Jumlah perbekalan air bersih yang dibawa selama melaut dipengaruhi faktor
teknis dan non teknis. Secara teknis, kebutuhan untuk perbekalan air bersih di PPS
Bungus dipengaruhi oleh ukuran (GT) kapal, lama trip dan besarnya konsumsi air
bersih oleh ABK. Secara non teknis, jumlah perbekalan yang dibawa bergantung
pada kebijakan pemilik/pengurus kapal dalam pemesanan jumlah kebutuhan
perbekalan air bersih. Jika ditinjau berdasarkan kelaikan operasional kapal
perikanan, jumlah air bersih yang disediakan oleh armada kapal-kapal tersebut
pun masih jauh dari standar yang layak. Seyogyanya, kebutuhan air bersih
tersebut dipenuhi dengan baik demi terwujudnya kenyamanan para awak kapal,
dengan ketentuan persediaan air bersih untuk minum minimal 5 liter/orang/hari
dan memiliki cadangan air minum selama lebih dari 5 hari. Namun, karena
keterbatasan dana para pemilik kapal, jumlah tersebut masih sulit terealisir
7.1.2 Tingkat Kebutuhan Air Bersih pada Pabrik Es
1) Kebutuhan Aktual
Terdapat satu pabrik es di areal PPS Bungus, yang dikelola oleh PT.

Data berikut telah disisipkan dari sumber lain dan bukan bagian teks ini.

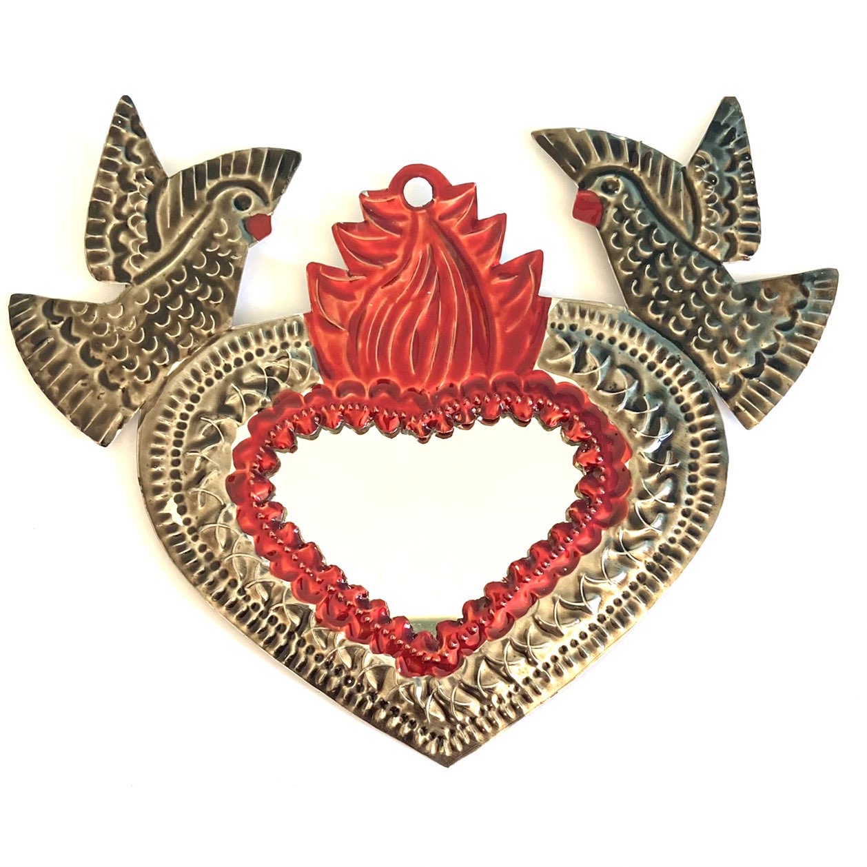 Decora la tua casa con un complemento d’arredo di artigianato messicano. Il cuore sacro è in latta riciclata e completamente realizzato a mano da artigiani della zona di Oaxaca.

Danitama Mina. Perusahaan ini berdiri dengan menyewa areal pelabuhan
perikanan seluas 1.523 m2. Pabrik es ini memiliki kapasitas produksi sebesar 60
ton/hari (Anonimus, 2007). Namun, hingga saat ini rata-rata produksi es setiap
harinya hanya berkisar 20 – 24 ton atau sekitar 33% dari kapasitas produksi.
Air baku yang dipergunakan untuk produksi es bersumber dari PPS Bungus.
Setiap harinya, air bersih yang dimanfaatkan untuk produksi es berkisar 25 - 27
ton. Air bersih untuk keperluan karyawan yang penggunaannya meliputi air
minum, mandi dan wc berjumlah 30 liter per hari ton per tahun dan pemanfaatan
air bersih untuk pencucian dan kebersihan peralatan berjumlah sebesar 20 liter per
hari. Selama tahun 2006, pabrik es ini memanfaatkan 7.804,8 ton air bersih dari
PPS Bungus untuk berproduksi. Pada tahun yang sama, jumlah es yang disalurkan
untuk berbagai keperluan di pelabuhan perikanan berjumlah 7.378,5 ton. Selain
itu, untuk kebutuhan air minum karyawan, mandi dan wc serta kebersihan lantai
dan peralatan memanfaatkan sejumlah 128,1 ton air bersih. Jadi, total
pemanfaatan air bersih oleh pabrik es Dinatama Mina pada tahun 2006 adalah
berjumlah 7.932,9 ton.
2) Kebutuhan Teoritis
Salah satu kebutuhan perbekalan melaut yang tidak kalah pentingnya adalah
es. Es dibutuhkan untuk menjaga suhu dan kondisi ikan agar tetap segar pasca
penangkapan, baik selama di atas kapal maupun pendaratan dan pemasaran ikan
di pelabuhan perikanan (Yumi, 2007).
Penghitungan kebutuhan teoritis air bersih oleh pabrik es di suatu pelabuhan
perikanan melibatkan beberapa variabel, yaitu kapasitas pabrik es per hari dan
koefisien kebutuhan air bersih. Sementara pada penghitungan nilai kebutuhan
aktual, variabel yang terlibat adalah besaran jumlah produksi, jumlah karyawan
dan kebutuhan air bersih karyawan per hari kerja, tanpa memasukkan nilai
koefisien kebutuhan air bersih dan kapasitas pabrik es perhari (Pane. 2005).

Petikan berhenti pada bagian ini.